Securities Arbitration Orders Morgan Keegan to Repurchase $1.95m
Friday, February, 24, 2012
A securities arbitration panel ordered Morgan Keenan & Co. to repurchase $1.95 million worth of auction rate securities from William Featheringill, an investor from Birmingham, Alabama. The panel denied Featheringill's claim of $5.9 million in punitive damages. Strangely, the FINRA panel did not offer an explanation for their decision.
Events Leading to the Commercial Arbitration
In 2005, AmSouth Investment Services, Inc. sold Mr. Featheringill sewer bonds in Jefferson County, Alabama. According to the claims, AmSouth told him that these were a safe, liquid investment comparable to money-market funds, but slightly more profitable. Morgan Keenan absorbed AmSouth in 2007.

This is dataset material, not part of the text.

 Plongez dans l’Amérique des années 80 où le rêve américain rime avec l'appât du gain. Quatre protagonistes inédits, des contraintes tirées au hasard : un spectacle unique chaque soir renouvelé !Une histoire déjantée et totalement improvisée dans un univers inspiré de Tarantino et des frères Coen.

The auction-rate market went bust in 2008, leaving thousands of investors with about $330 billion in non-liquid securities. In 2011, Jefferson County filed the largest municipal bankruptcy in US history chiefly from the $3.14 billion worth of sewer bonds.
Featheringill's Claims in the Financial Arbitration
Mr. Featheringill's initial investment was a total of $3.5 million. At first, the sewer bonds delivered as AmSouth promised, and he cashed out $1.5 million. When the investment became illiquid, he still had $1.95 million in these securities. The crux of his claims is that Morgan Keenan knew of the auction rate securities freeze before it happened, and did not warn its customers.
This foreknowledge was evidenced by the transfer of investors from AmSouth to its own brokerage system in 2007. In an event where a brokerage firm knows that a market has become high risk, they have the responsibility to effectively communicate this to its investors.
While the reason for the FINRA securities arbitration panel's decision is unclear, their decision to compel Morgan Keenan to repurchase the securities at full balance, but not award punitive damages indicates the reasoning is in a gray area. For one thing, they were held responsible for Featheringill's loss, but their oversight was apparently not deemed significant or deceptive enough to justify punitive damages. It is also notable that Morgan Keenan is being purchased by Raymond James Financial, Inc., who would ultimately take the brunt of the damages in this case.